Your new book feels slightly smaller in scale and more emotive than your first - was this a deliberate decision?
As well as the physical scale, the nature of the story is more intimate than Shackleton’s Journey so it made sense to move the camera closer and show the characters in a more personal way.
Both your books tell the stories of epic journeys - if you could go on an all expense paid adventure to anywhere in the world where would it be?
I would love to take a trip to Baffin Island or Yosemite National Park, I’m sure there are lots of good stories to be found there!
Your artworks jump from very large illustrations to small thumbnail sized drawings - which do you prefer making?
They’re both very different processes, I enjoy communicating through sequential images but nothing beats the satisfaction of a double page spread.

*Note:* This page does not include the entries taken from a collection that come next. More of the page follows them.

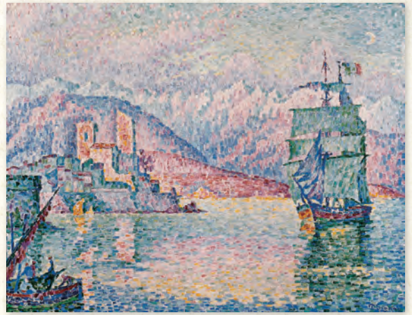
ポール・シニャック「アンティープ、夕暮れ」1914年 Musée d'Art Moderne et Contemporain de Strasbourg, Photo Musées de Strasbourg.

アンリ・ド・トゥールーズ=ロートレック「ディヴァン・ジャポネのポスター」1892年 Musée d'Art Moderne et Contemporain de Strasbourg, Photo Musées de Strasbourg.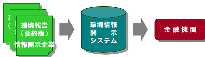
勘定情報開示システムの実証実験イメージ 環境省 2013 年 11 月 11 日リリースより(弊社デザイン)

実証実験は、昨年 12 月に募集が行われ、企業 64 社と金融機関等 13 社が参加、1 月に企業による環境情報登録※を実施。2 月から 3 月まで金融機関による試用により環境情報の有用性やシステムの利便性などを検証し、その結果について報告会等を実施するものです。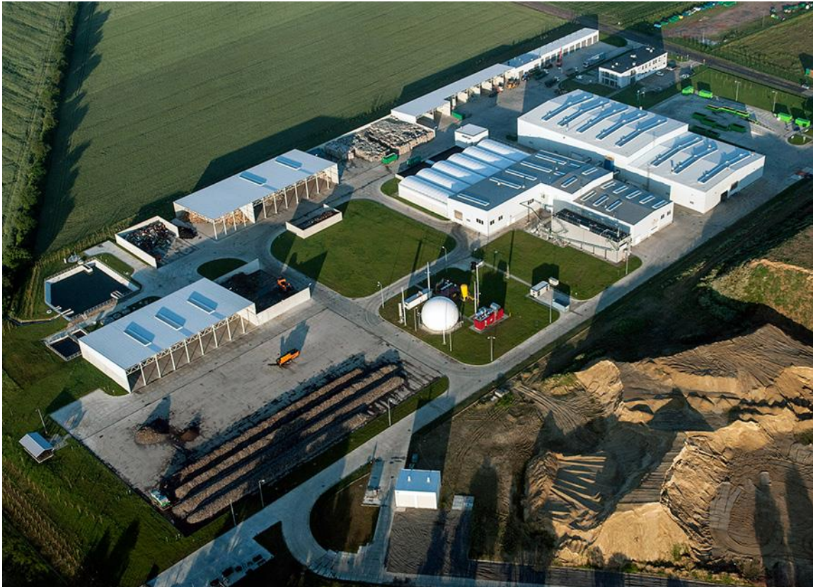
Fotografia 1 Instalacja Regionalna Witaszyczki 1A, 63-200 Jarocin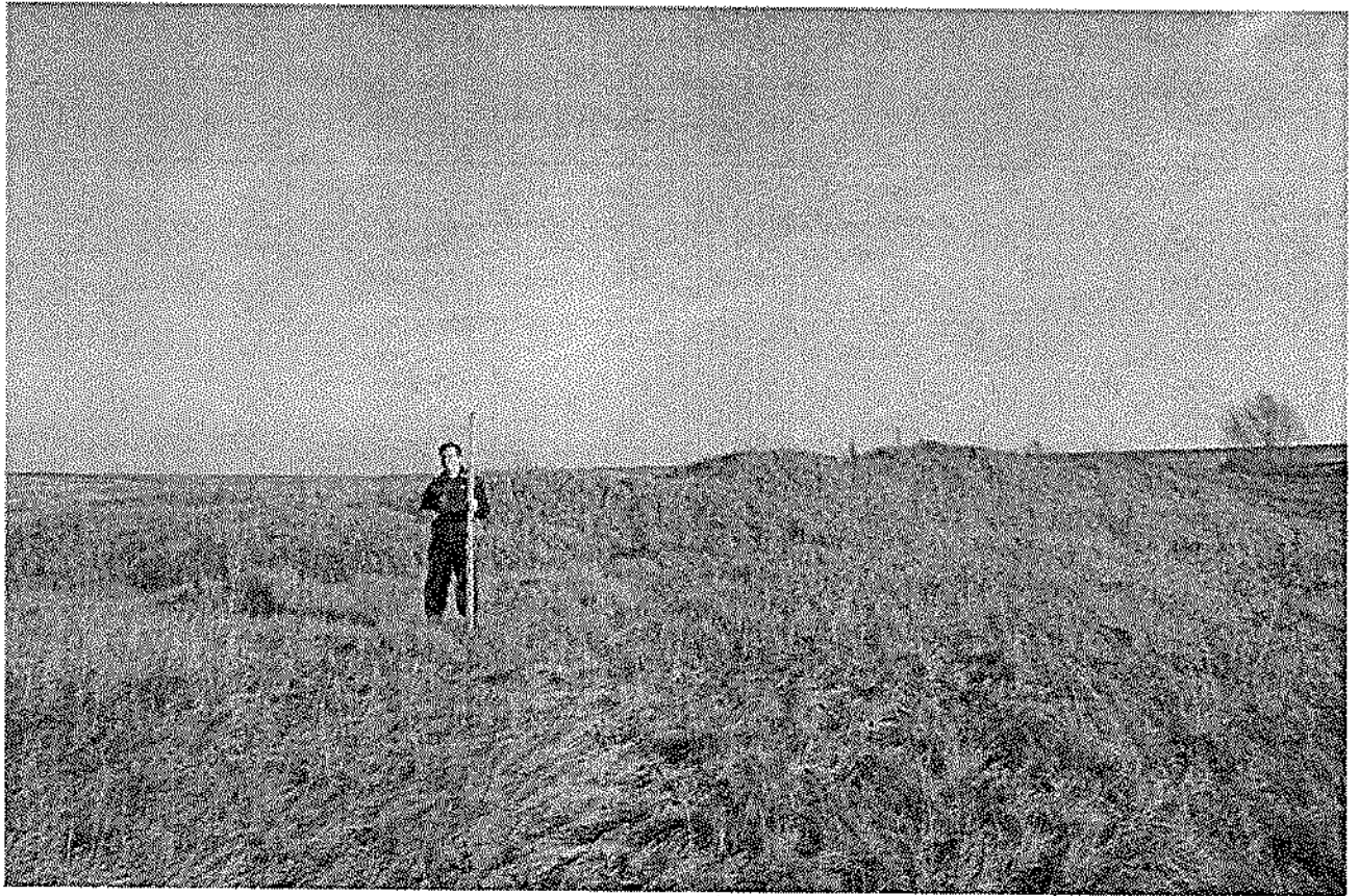
Фото 2. Вид на валы «Городище «Хула выране», средние века».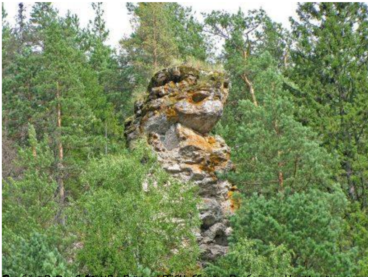
Древний камень в долине реки Свирь. Вид с берега. На фото - естественная каменная арка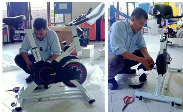
Gambar 3. Proses modifikasi sepeda statis menjadi alat peraga generator.

Oleh karena itu, penggunaan sepeda statis yang dihubungkan dengan kumparan dan magnet ditujukan untuk memberikan pembelajaran yang menyenangkan bagi pengunjung Pos Konservasi Energi yang merupakan siswa sekolah. Para pengunjung siswa yang masih memerlukan alat peraga untuk pembelajaran Fisika-nya di sekolah ini bisa menggunakan alat peraga generator ini untuk mempelajari prinsip kerjanya. Dengan begitu, mereka bisa mempelajari dan menganalisa bagaimana energi gerak manusia bisa menjadi energi listrik yang bisa disimpan di dalam baterai. Dari ilmu pengetahuan yang dipelajari dari teknologi generator ini, pengunjung bisa mengaplikasikannya di lingkungan mereka. Mereka juga bisa menggunakan sumber gerak lain yang bisa dimanfaatkan untuk mendapatkan energi listrik. Selain itu, mereka juga bisa mempelajari bagaimana energi magnet bisa menghasilkan listrik yang kemudian menjadi medan elektromagnetik. Pengimplementasian alat peraga ini juga bisa menuntun siswa untuk lebih kreatif dan peka terhadap pengetahuan, ilmu pengetahuan, dan teknologi yang ada di sekitarnya dan yang sedang dipelajarinya di sekolah.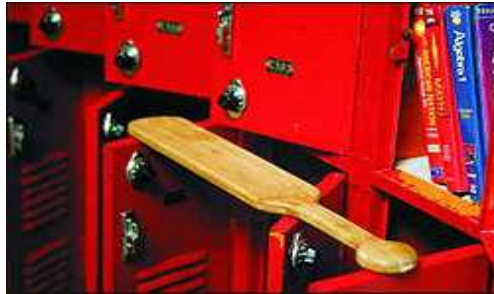
[그림 2] 노처럼 생긴 미국의 체벌도구

미국에서 체벌을 다른 말로 '패들링(Paddling, 노처럼 생긴 막대로 때리기)' 또는 '스팽킹(Spanking, 불기썩을 찰싹 때리기)'이라고 하는 것에서 알 수 있듯, 일반적으로 넓적한 판자 모양의 매로 불기썩을 때리는 방법을 사용한다.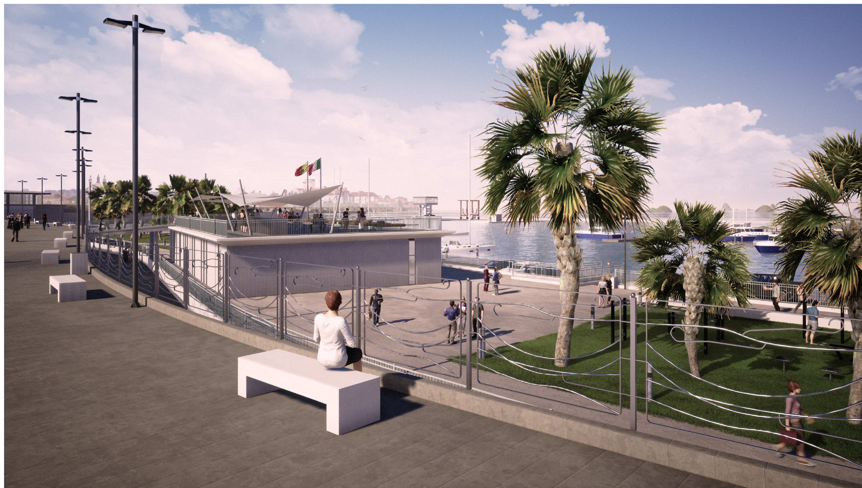
PORTO DI CATANZARO - VISTA 1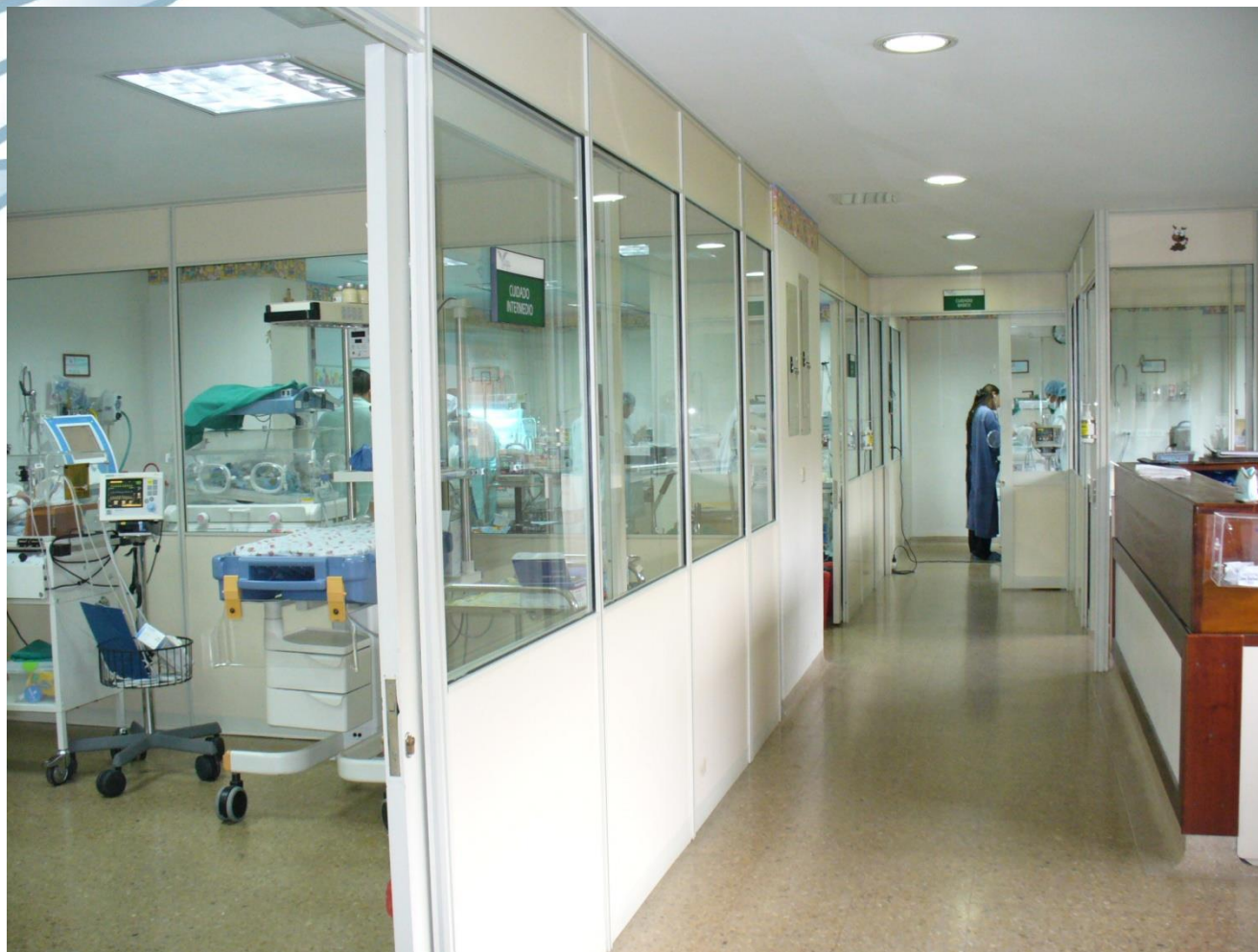
UNIDAD DE RECIEN NACIDOS HSRT

Also, because of the way I work it’s exciting to see how the double pages turn out in print as my original drawings are much smaller.
Have you always been creative? Do you remember any of the first things you created?
I’ve always enjoyed making things when I was small, I think I would have liked to have been an illustrator earlier if I knew what one was! I can remember when I was five being particularly proud of a potato print of some bears and a clay model of my front door.
You draw a lot of inspiration from the natural world - what is it that fascinates you about nature?
I grew up in a rural part of the South Downs and spent a lot of time outdoors building dens, occasionally hunting and so on, I imagine that has some bearing on things. As I’ve grown up though I’ve become more interested in our relationship to it, what it brings out in us, and why we need it. Ultimately, I think it’s to do with the way it makes you feel. When you walk through a wild place subconsciously you’re aware there’s a whole system that’s been functioning perfectly well for millennia without humans, there’s a whole language and architecture different to ours that’s enjoyable to marvel at even if we don’t fully understand it. When driven people (Seton and Shackleton both had big egos!) come into contact with this indifferent world interesting things usually happen.
Do you have any advice for someone wanting to become an illustrator?
There’s a lot of things you could say like focusing your work and starting small, but I think the most important advice I was given was just draw everyday. Do this and eventually something good will come of it. Carrying a small sketchbook on you is a great way to keep your eye in and record ideas.
Finally, do you have any big projects lined up? Can we expect you to work again with Flying Eye Books any time soon?
I’m currently working on a collaborative project with Candlewick Press, that should be due out early next year. I’ve also got some ideas for a third book with Flying Eye, it’s looking like it could be set somewhere green like in a jungle or rainforest, we will see!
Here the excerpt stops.